This is when radiology expands in size, accepts new technology, stimulates potential diagnostic and therapeutic techniques and distinctions that foster the future of radiology as it peaks 118 years of the growth of its efforts.
Back in 1995, patrons of medical radiology celebrated a centennial year from the time, in November 1895, that Wilhelm Conrad Roentgen, the German physicist, discovered that he and other physicists realized that their experimentation about electric currents in glass vacuum tubes emitted invisible rays that emerged from the vacuum tubes and penetrated across a laboratory room. Roentgen discovered that the electric energy would expose a fluorescent screen, make a shadow of objects between the tube and the screen, or expose a photographic plate. When he held his hand between the tube and the plate, his flesh disappeared and his bones appeared on the screen or in a photograph. It was only about a couple of more years before Roentgen explored with x-rays. He got a Nobel Prize for his triumph.
In 1896, American scientists exploring Roentgen’s technique published more than 1000 articles in scientific publications. New companies in Europe and North America modified x-ray devices and effective film elements.
Curious doctors who used x-rays to diagnose patient problems and to treat small cancers also suffered x-ray exposures because the Roentgen type x-ray machines lacked any serious protection. But then, the incredible x-ray machine developed in 1913 by William Coolidge, a General Electric Company scientist, provided shelters for both diagnostic and treatment x-ray applications.

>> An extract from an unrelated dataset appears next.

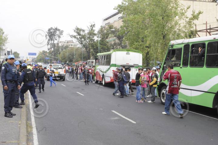 MÉXICO, D.F., 03NOVIEMBRE2012.- Porros del politécnico fueron detenidos en los camiones en los que viajaban con rumbo al estadio de Ciudad Universitaria para disfrutar del partido entre Pumas y Águilas Blancas. Esto ocurrió cuando lanzaron petardos en el cruce de Insurgentes a la altura de Puente de Alvarado en la colonia Tabacalera, de donde fueron escoltados hasta su destino. FOTO: LUIS CARBAYO /CUARTOSCURO.COM

In the mid 1920s, the American Roentgen Ray Society encouraged the US Bureau of Standards to help devise linkage for the measurement of radiation exposures. In the 1928 International Congress of Radiology in Stockholm, Sweden, two international societies were organized to develop radiation measurement technology and schemes for radiation protection in its uses for medicine. In 1929, the US Bureau of Standards sponsored creation for the National Council of Radiation Protection and Measurement, which has grown ever since then.

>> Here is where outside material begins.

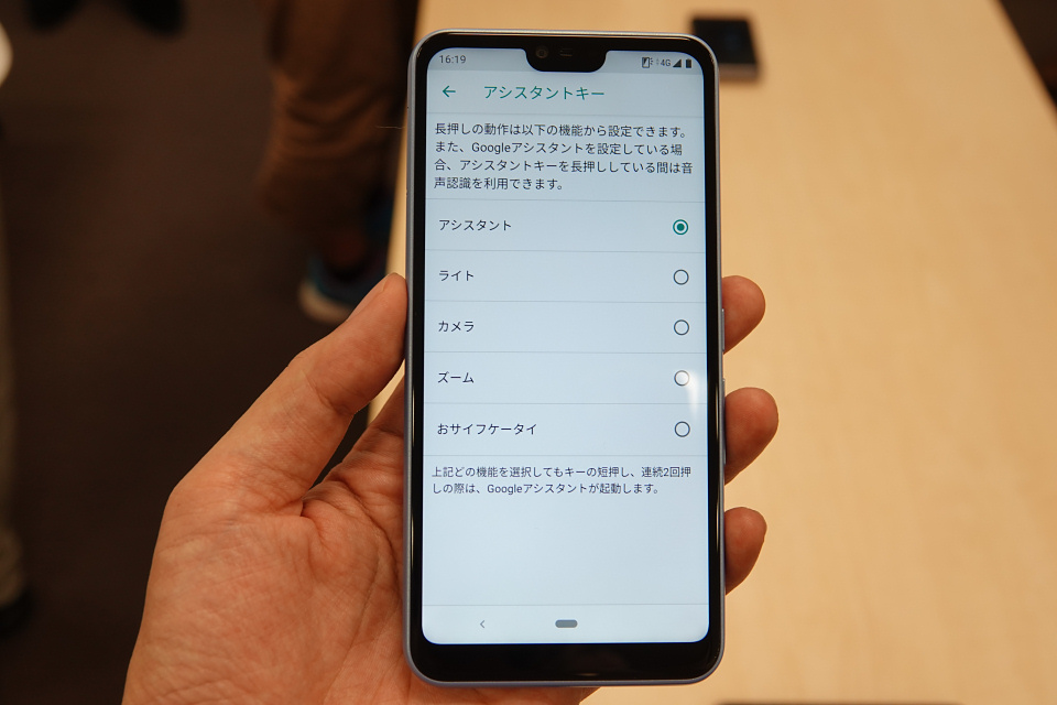 また最大の特徴は本体右側面に備えられたGoogleアシスタント専用キーで、多くのAndroid搭載製品ではホームボタンの長押しや「OK, Google」と呼びかけることで「Googleアシスタント」を起動しますが、あえて専用キーを搭載することによってはじめてスマホを利用する方などでも迷うことなく利用できるようにしているとのこと。

In those early decades, doctors who wanted to choose radiology lacked no formal training programs for the new discipline. Some young doctors attempted to spend time in academic radiology sections, at Harvard in Boston, Johns Hopkins in Baltimore, Pennsylvania in Philadelphia, and others in Chicago, Cleveland, St. Louis, and some of the growing medical clinics. It was not until 1934 that radiology societies linked to form the American Board of Radiology. The ABR was the fifth certifying board of a determined radiology discipline. The ABR certified several hundred self-styled radiologists, examined many others, and developed patterns for training young, ambitious doctors.